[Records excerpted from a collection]
□ □ □ □ □ □ □

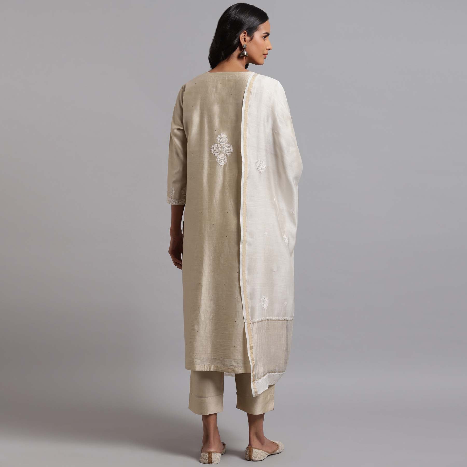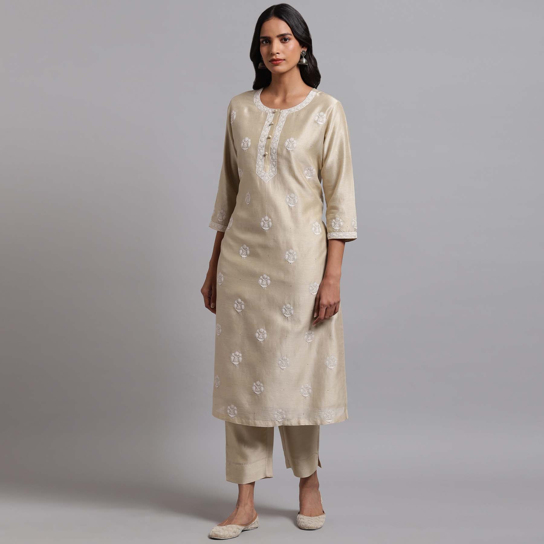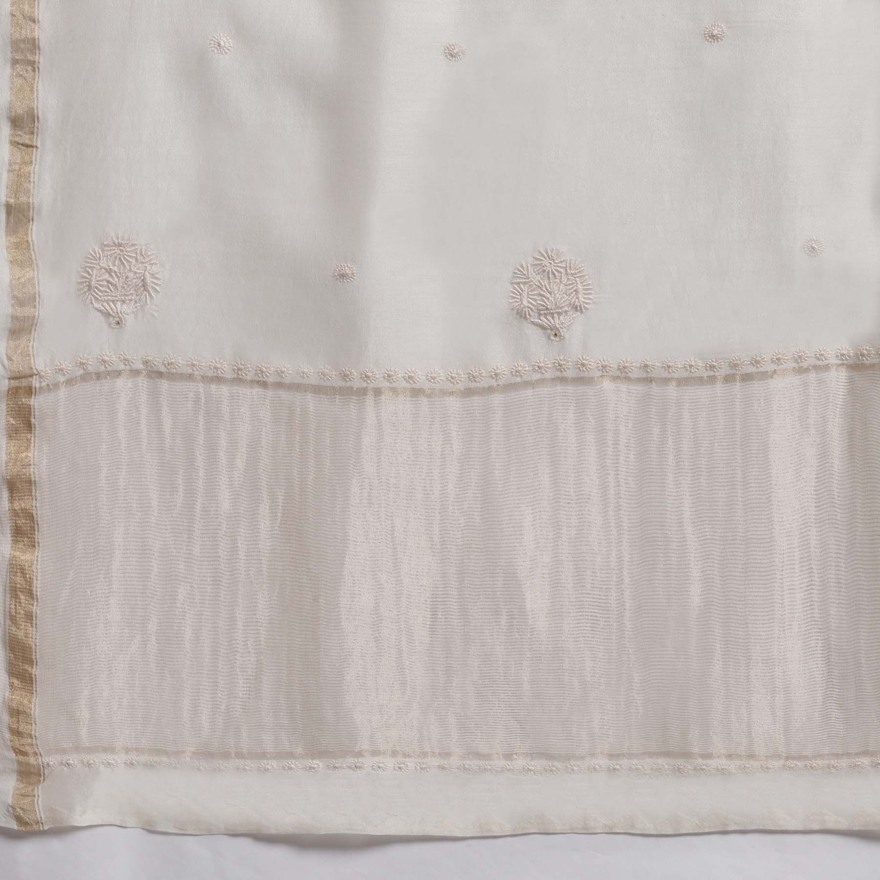 - Chikankari bootis and neckline intricately displaying the murri stitch.
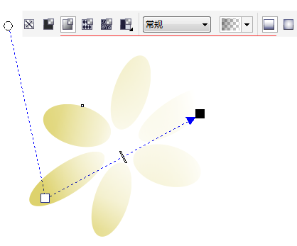 步骤六、应用透明效果 选择所有椭圆形,单击透明度工具,对图形应用透明效果。在属性栏中设置透明类型为线性,再设置其他参数,得到整个花瓣的透明效果。
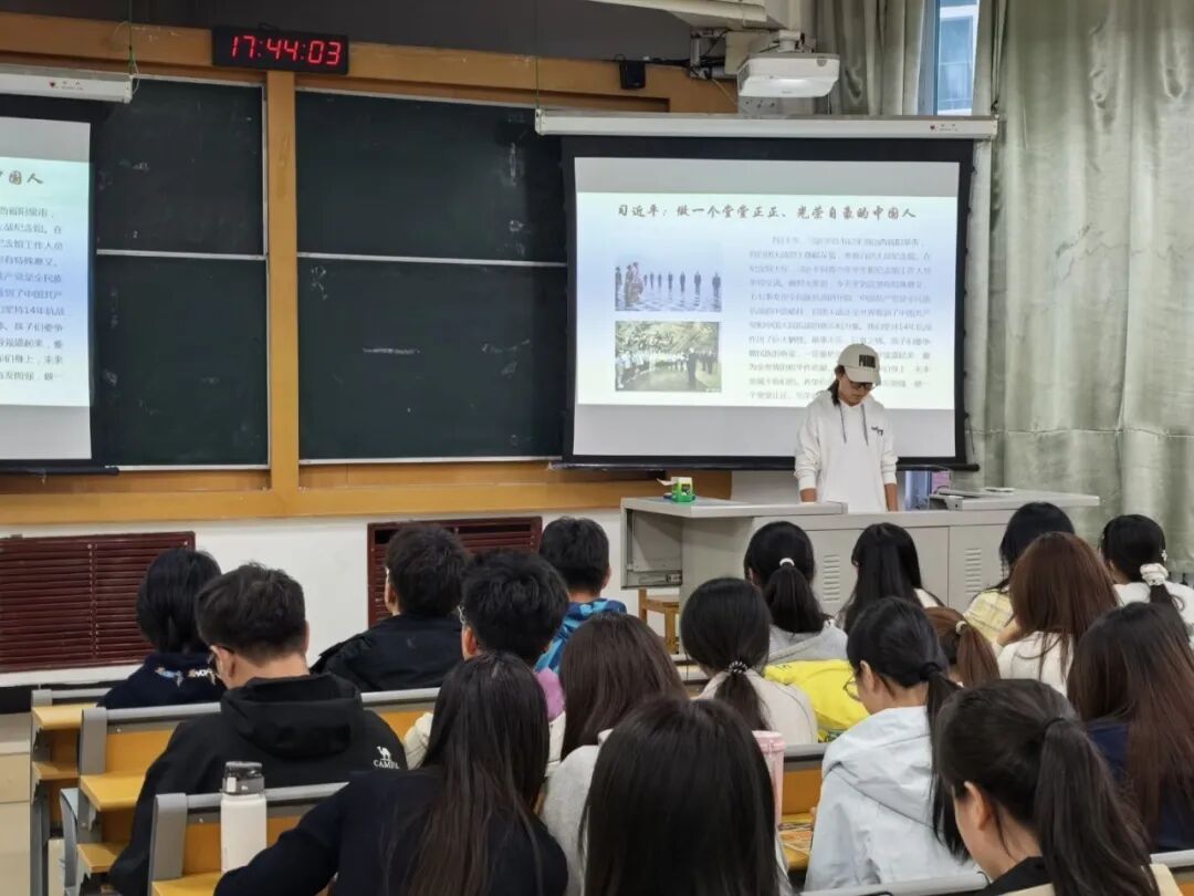 会上,全体成员共同观看了习近平总书记在山西考察的纪实视频,张淼溪讲述了习近平总书记在山西阳泉市向抗战烈士敬献花篮并参观百团大战纪念馆的事例,通过重温中国共产党领导抗日军民同仇敌忾、勇御外侮的光辉历史,同学们深刻领会到了弘扬伟大抗战精神的时代意义。之后,她带领大家学习了习近平总书记在阳泉考察制造业企业发展的重要讲话,让大家明白了先进技术和装备对工业发展的重要意义,要把握市场需求,加强科技创新,让传统产业焕发新活力。最后,她深入解读了习近平总书记提出的“做一个堂堂正正、光荣自豪的中国人”这一重要要求,呼吁广大青年应全力以赴、勇毅前行,做无愧于国家、无愧于时代的中国人。
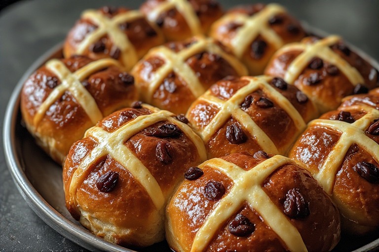 Hot cross buns are one of the most traditional Easter treats. Soft, lightly sweet rolls filled with warm spices and
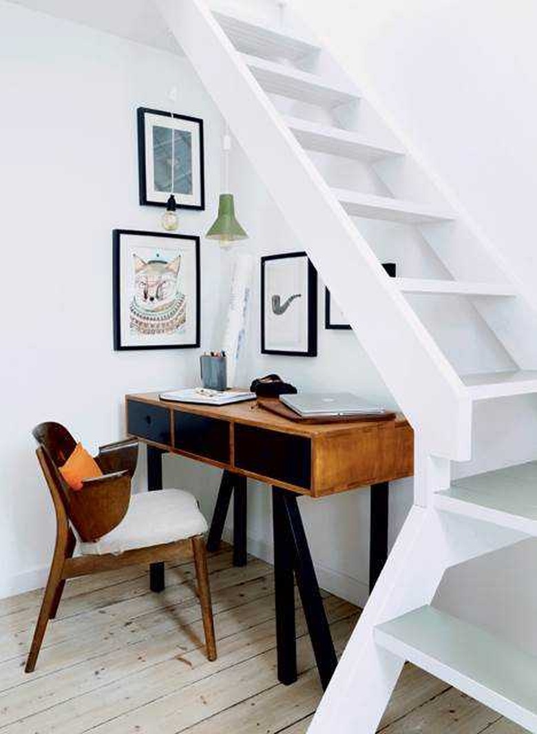 This modern home featured in the Danish publication ALT utilizes the overlooked nook under the stairs as an inviting work space. Since the desk is visible from the main living area, you'll want to keep things tidy — look for something with a drawer that you can use to store away papers when you're done for the day.
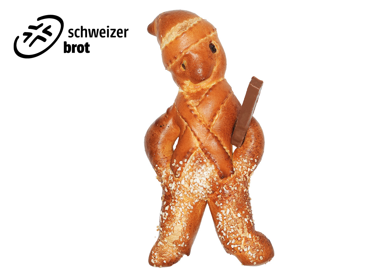 Luftiger Hefesüssteig in der traditionellen Form des Grittibänzen gebacken. Klassisch dekoriert mit Hagelzucker und Rosinen als Augen. Der Grittibänz wird durch das hausgemachte Schoggistängeli vollendet.
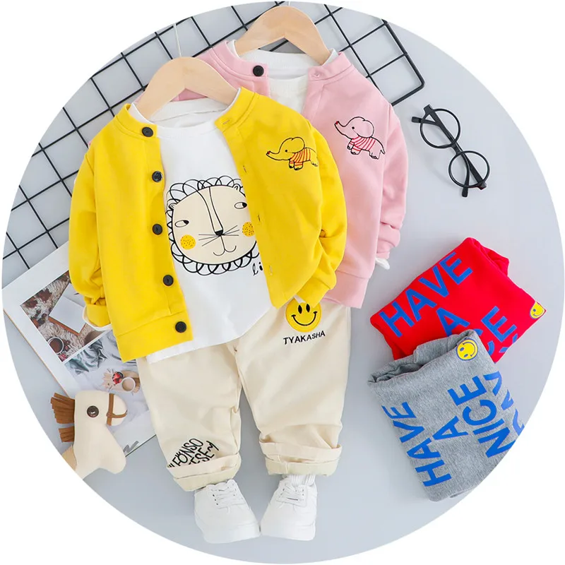 3 Pieces Baby Boy Clothes Set Infant Kids Zipper Jacket + T Shirt + Jeans Child Costume Children Clothing
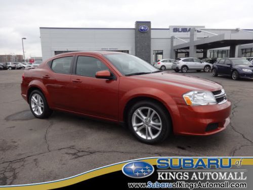 Subaru Stellar Care Award Recipient for outstanding customer service and satisfaction.Subaru of Kings Automall proudly presents this carfax 1 owner 2012 Dodge AVENGER 4dr Sdn SXT. Represented in ORANGE and complimented nicely by its BLACK interior. Fuel Efficiency comes in at 31 highway and 20 city. Under the hood you will find the 2.4 coupled with the AUTOMATIC. The Word Around Town: For a mid-sized sedan, the Avenger stands out in two ways: aggressive, sporty styling, which is borrowed from the Dodge Charger, and its fuel economy, which can manage as high as 30 mpg on the highway. The Avenger's new, redesigned interior features nicer materials and is quieter than in years past, and its upgraded styling and quality makes it a viable alternative in a crowded small car market. The R/T Avenger appeals to driving enthusiasts, and includes sporty suspension, leather interior and special exterior styling. Options and Safety Features: Nicely equipped with Active head restraints, Child seat anchor system, LATCH ready, Child seat upper tether anchors, Dual-note horn, Electronic stability program, Front advanced multi-stage airbags -inc: front passenger occupant sensor, Front height adjustable shoulder belts, Inside trunk emergency release, Rear center 3-point seat belt, Rear door child protection locks, Supplemental front & rear side-curtain airbags, Supplemental front seat side airbags, Supplemental side airbags, Tire pressure monitoring display, Traction control and 12 VOLT POWER SOURCE, AIR CONDITIONING, ALLOY WHEELS, AM/FM STEREO RADIO, ANTI-LOCK BRAKING SYSTEM (ABS), AUTO EXPRESS DOWN WINDOW, CENTER ARM REST, CENTER CONSOLE, CLOCK, COMPACT DISC PLAYER, COMPASS, CRUISE CONTROL, DAY/NIGHT LEVER, DUAL AIR BAGS, GAUGE CLUSTER, HEATED OUTSIDE MIRROR(S), INTERMITTENT WIPERS, MAP LIGHTS, OUTSIDE TEMPERATURE GAUGE, POWER DOOR LOCKS, POWER MIRRORS, POWER STEERING, POWER SUNROOF, POWER WINDOWS, RADIAL TIRES, REAR WINDOW DEFROSTER, RECLINING SEATS, SIDE AIR BAG SYSTEM, BEFORE YOU COME TO THE LOT TO LOOK AT A PARTICULAR VEHICLE, GIVE JEREMY VASKE A CALL @ 888-210-8460. THIS WILL ENSURE THAT THE VEHICLE IS HERE ON THE LOT AND READY TO SELL. WE ALWAYS TRY TO ENSURE THAT ALL INFORMATION ON THE VEHICLE ARE ACCURATE. PLEASE ASK TO SEE THE CARFAX ON THE VEHICLE THAT YOU ARE INTERESTED IN. THANK YOU FOR VISITING OUR VEHICLES AND HAVE A GREAT DAY.
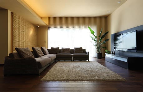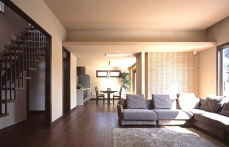 タイで暮らしていたAさまがご帰国後に建てたモダンとエスニックが融合した住まい。緑豊かな約140坪の敷地には、クスノキの巨木がご家族の暮らしを見守るように立ち、つねに自然が身近に感じられます。建物の正面にはウッドデッキ、その右側にはタイル敷きのテラスを設け、外まわりも充実させました。 アジアンテイストのリビングは約17帖大。ダイニングより一段高い3.1mの天井高が開放感を生んでいます。この大空間を引き締めているのが透かしタイルを使ったアクセントウォール。アジアの古い寺院や宮殿をイメージしたものです。
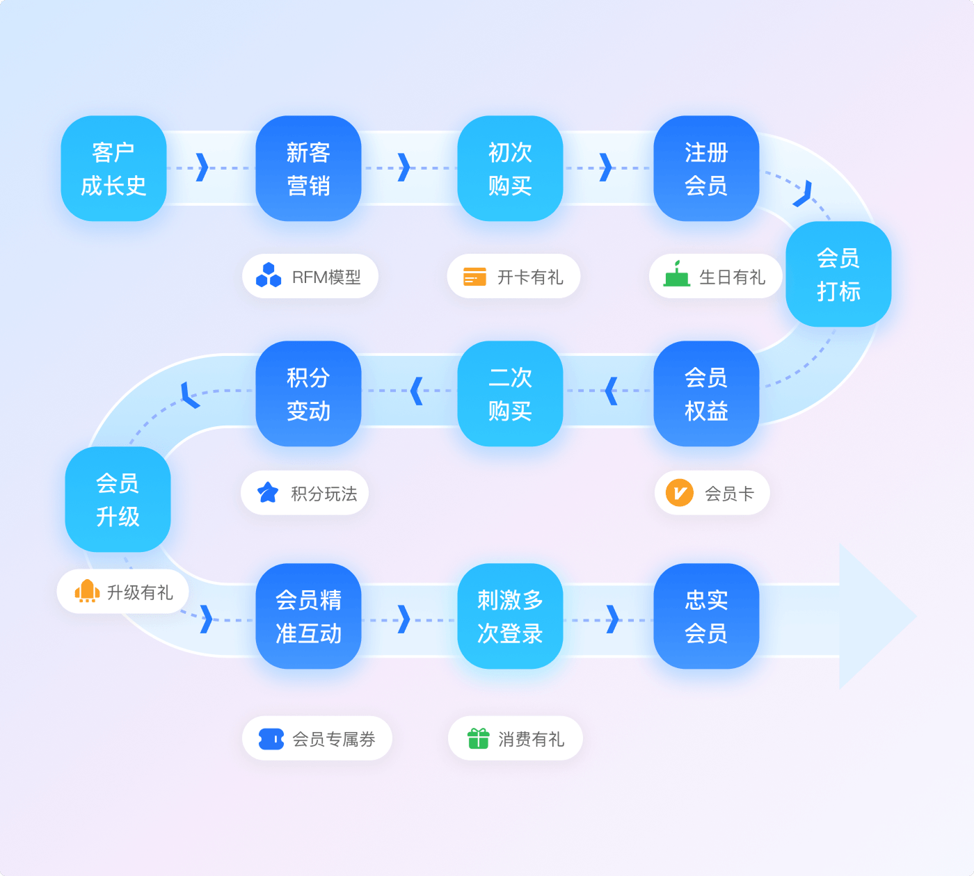 - 数据驱动的会员运营提供会员增长、活跃、消费及留存等多维度数据分析看板
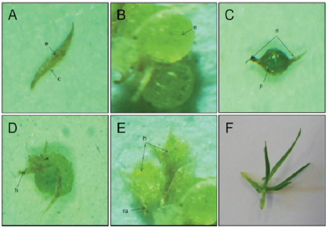 Para la inducción de nuevos brotes, se transfirieron hojas individuales de al menos 1 cm de longitud a medio MS suplementado con las diferentes concentraciones de BAP y KNO3. La aparición de los nuevos brotes se manifestó mediante protuberancias pequeñas de color verde con la aparición de rizoides y las primeras hojas (Figura 2C, D) después de dos semanas de cultivo. La formación de los nuevos brotes aumentó de forma gradual en los tratamientos adicionados con BAP (Figura 2E).
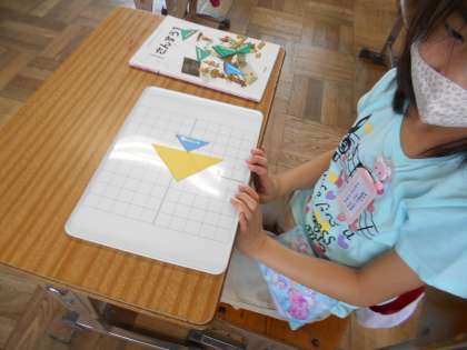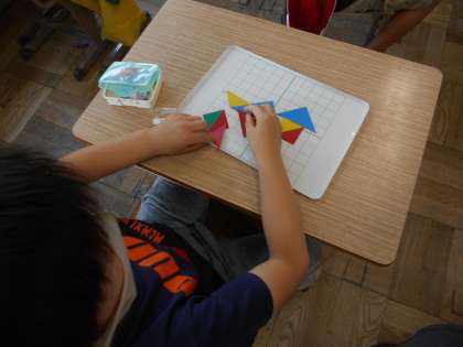 「かたちづくり」の学習です。いろいろな形を作って楽しみました。
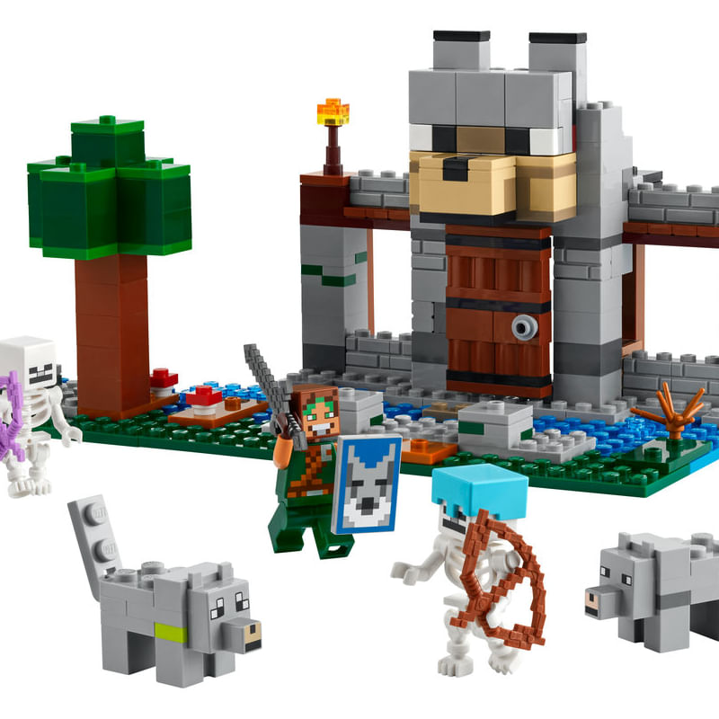 Construa uma base para o Domador de Lobo no bioma de Taiga. Adicione uma cabeça de lobo acima da entrada, cujo rosto muda de amigável para bravo. Dentro, há uma bancada, fornalha potente, bancada de ferraria e uma bigorna para criar armas e fazer reparos. Pegue um osso no baú de suprimentos para domar um lobo. Depois, use seu lobo para batalhar esqueletos. Aqueles ossos extras podem ser úteis!
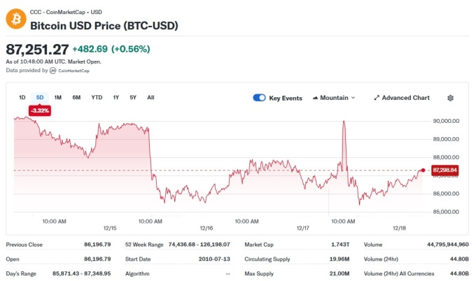 한국시간 18일 오후 8시 현재 비트코인(BTC) 가격은 24시간 전에 비해 0.78% 상승한 8만7323.45달러에 되고 있으며, 이더리움(ETH)은 2858.84달러로 2.1% 하락하고 있다. XRP, 솔라나(SOL), BNB 코인은 1~3%대 하락하는 등 주요 알트코인도 약세 흐름이다.
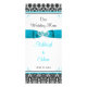 This romantic black and white damask wedding menu card has an image of a pair of joined hearts overtop a turquoise or teal blue ribbon and bow image running across the width of the card. There are turquoise flourishes on all four corners on the front and back text areas. Below the ribbon on a white background the names of the bride and groom, and the wedding date are printed in turquoise and black, with "Our Wedding Menu" in black sdript above the ribbon. The back is black and white damask pattern with a solid black text area that contains the menu details in white with accents of turquoise in the top and bottom border, along with the four corner flourshes. If you need any additional matching items, please email your request to niteowlstudio@gmail.com or use the Zazzle chat feature to get in touch.

□ □ □ □ □ □ □

■ Your instructions ■
Keep the pictures out and repeat exactly the lines from the beginning of the data through the line that contains "Hot cross buns", both ends included.

■ Result below ■
 - Chikankari bootis and neckline intricately displaying the murri stitch.
 步骤六、应用透明效果 选择所有椭圆形,单击透明度工具,对图形应用透明效果。在属性栏中设置透明类型为线性,再设置其他参数,得到整个花瓣的透明效果。
 会上,全体成员共同观看了习近平总书记在山西考察的纪实视频,张淼溪讲述了习近平总书记在山西阳泉市向抗战烈士敬献花篮并参观百团大战纪念馆的事例,通过重温中国共产党领导抗日军民同仇敌忾、勇御外侮的光辉历史,同学们深刻领会到了弘扬伟大抗战精神的时代意义。之后,她带领大家学习了习近平总书记在阳泉考察制造业企业发展的重要讲话,让大家明白了先进技术和装备对工业发展的重要意义,要把握市场需求,加强科技创新,让传统产业焕发新活力。最后,她深入解读了习近平总书记提出的“做一个堂堂正正、光荣自豪的中国人”这一重要要求,呼吁广大青年应全力以赴、勇毅前行,做无愧于国家、无愧于时代的中国人。
 Hot cross buns are one of the most traditional Easter treats. Soft, lightly sweet rolls filled with warm spices and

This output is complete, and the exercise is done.